If the bill passes the Assembly, California will join other states with similar laws, including Washington, Montana, New Mexico, Vermont, and Oregon. According to George Eighmey, vice president of the Death With Dignity Center, one of the national organizations that worked with Monning and Wolk to craft the bill, the proposed legislation is closely modeled after Oregon’s aid-in-dying law.

Eighmey said several lessons were learned from the passage of Oregon’s law in 1994, particularly the importance of educating the public, particularly health-care workers, about the issue.

“We probably waited a little too long in Oregon to educate the public and the stakeholders,” he said. “The people who are going to be implementing this law need to know about it. We have to reach out.”

The state of Oregon played a pivotal role in the story of former California resident Brittany Maynard.

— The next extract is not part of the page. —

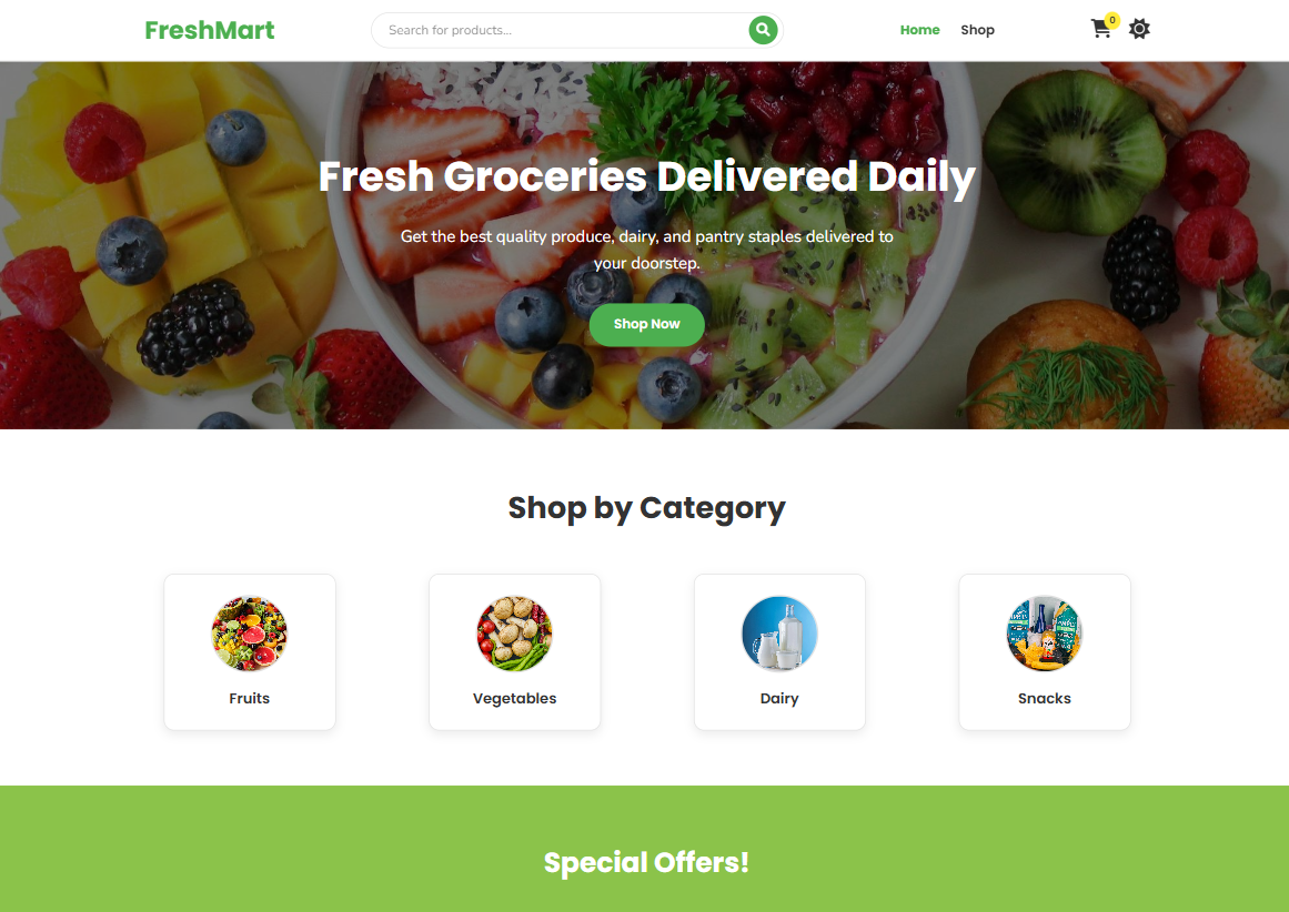 Modern & Responsive Grocery Website Template built with pure HTML5, CSS3, and vanilla JavaScript. Perfect for supermarkets, organic food shops, and grocery businesses looking for a fast, lightweight online presence.

Maynard, 29, was diagnosed with terminal brain cancer, traveled to Portland, became an Oregon resident, and ended her life on Nov. 1, 2014. Maynard’s story was a major catalyst for the California bill’s creation and made the issue personal for those who followed it, according to Eighmey.

“Personal stories are very impactful,” he said. “You can argue theoretically all you want, but it’s different when you see how it affects your family and friends.”

Monning noted that California lawmakers and the general public changed the way they thought about the issue, adding that many have experienced tough end-of-life decisions faced by friends of loved ones.

“There’s a shifting consciousness about patient rights and patient autonomy,” he said.

According to Monning, the bill needs to go before the Assembly health and judiciary committees respectively. He wouldn’t predict if the bill would pass but said it had strong coauthors in the Assembly.

“It’s really going to boil down to a personal choice of the legislators and how they feel about end-of-life issues,” he said.